JDK-8366862 : MemorySegment related performance regression in lusearch in JDK21
  • Type: Bug
  • Component: core-libs
  • Sub-Component: java.lang.foreign
  • Affected Version: 19,21.0.6
  • Priority: P4
  • Status: Open
  • Resolution: Unresolved
  • Submitted: 2025-09-04
  • Updated: 2025-09-05
Related Reports
Causes :  
Description
The recently accepted OOPSLA paper, Advancing Performance via a Systematic Application of Research and Industrial Best Practice, suggested that there is a large performance regression using G1 between JDK 11 and 21.

The attached plots used the following configuration:
JVM args: -server -XX:+AlwaysPreTouch -Xms${heap}m -Xmx${heap}m -Xlog:gc*:file=lusearch.jdk${JDK}.${heap}.${i}.gc::filesize=0

And invoking DaCapo with: -jar dacapo-23.11-chopin.jar lusearch -s default -n 25

Thomas has done further investigations and it does seem to be an issue with Panama/FFI/MemorySegment performance. The performance issue is not isolated to G1 as also Parallel can be observed having this issue depending on the -Dorg.apache.lucene.store.MMapDirectory.enableMemorySegment setting.

The problem is that from JDK 19 to JDK 21 lucene selects a code path that uses the MemorySegment API (It does not when running with JDK22+ for unknown reasons, so performance is back to previous levels).

Not sure if this is a problem with the MemorySegment API or the Lucene use of the API. At least I would not expect that large of a performance difference.

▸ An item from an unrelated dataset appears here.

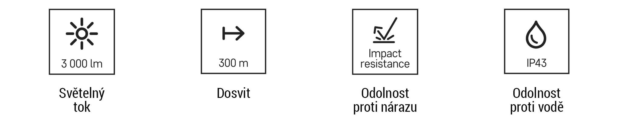 | dosvit | LED BOOST – 300 m, LED 100 % – 230 m, LED 50 % – 170 m, LED 20 % – 120 m |

The affects version is set based on the lucene versions showing this performance difference.
Comments
>> (It does not when running with JDK22+ for unknown reasons, so performance is back to previous levels) > >I was under the impression that Lucene now always uses FFM under the hood. My verification was based on -XX:+PrintCompilation: with 19 to 21 a lot of `MemorySegment` appears (say: java -XX:+PrintCompilation ... lusearch | grep "MemorySegment"). In 22+ it does not. However that detection failure may be an application error, or due to the lucene version not properly detecting newer JDKs. Or maybe 22+ just inline everything related. Testing with dacapo-23.11-MR2, jdk22+ lusearch performance is the same as with disabling MemorySegments, and that PrintCompilation test does not show any use of java.internal.foreign classes. Just to reiterate, I do not think this is a JDK issue. > FWIW, we also fixed another performance issue specifically with Lucene for JDK 24: https://bugs.openjdk.org/browse/JDK-8335480 > > Generally speaking though, the FFM API was still in preview in JDK 21, so performance work was still being finalized. I totally understand, feel free to close this issue as a non-issue for the JDK.
05-09-2025

I think this is a known issue originally reported by [~shade] in https://github.com/dacapobench/dacapobench/issues/264. There are two separate problems: 1. Lucene gating the use of memory segments to only certain JDK versions, and that the memory segment performance on those JDKs is not as good as the old method used by Lucene, and 2. In 23.11 of DaCapo (this is already fixed in the current 23.11-MR2 release), DaCapo didn't reuse IndexSearcher, amplifying this performance pathology. The ultimate conclusion in that issue is that the "regression" exposes thread local handshake overheads in HotSpot due to the non-idiomatic use of Lucene API.
05-09-2025

> (It does not when running with JDK22+ for unknown reasons, so performance is back to previous levels) I was under the impression that Lucene now always uses FFM under the hood. FWIW, we also fixed another performance issue specifically with Lucene for JDK 24: https://bugs.openjdk.org/browse/JDK-8335480 Generally speaking though, the FFM API was still in preview in JDK 21, so performance work was still being finalized.
04-09-2025

Not sure if this is expected when using the new API, so leaving this for further evaluation. Maybe it's the application's fault to automatically use the much slower API.
04-09-2025

the issue reproduces also with Parallel GC here: default settings: parallel gc, jdk17: ===== DaCapo 23.11-chopin lusearch PASSED in 2048 msec ===== parallel gc, jdk21: ===== DaCapo 23.11-chopin lusearch PASSED in 3175 msec ===== disabling memory segments: parallel gc, jdk21: ===== DaCapo 23.11-chopin lusearch PASSED in 2040 msec ===== This is either a benchmark error, or a problem with performance of Panama/memory segments. When running the benchmark on JDK 22+, it does not use memory segments, so performance is good again too.
04-09-2025

the problem is that with jdk19+ lusearch uses the new memory segments API by default (https://openjdk.org/jeps/424). If you disable the memory segment api use in Lusearch (https://lucene.apache.org/core/9_12_0/core/org/apache/lucene/store/MMapDirectory.html#ENABLE_MEMORY_SEGMENTS_SYSPROP ; using -Dorg.apache.lucene.store.MMapDirectory.enableMemorySegments=false performance is back to normal on 21)
04-09-2025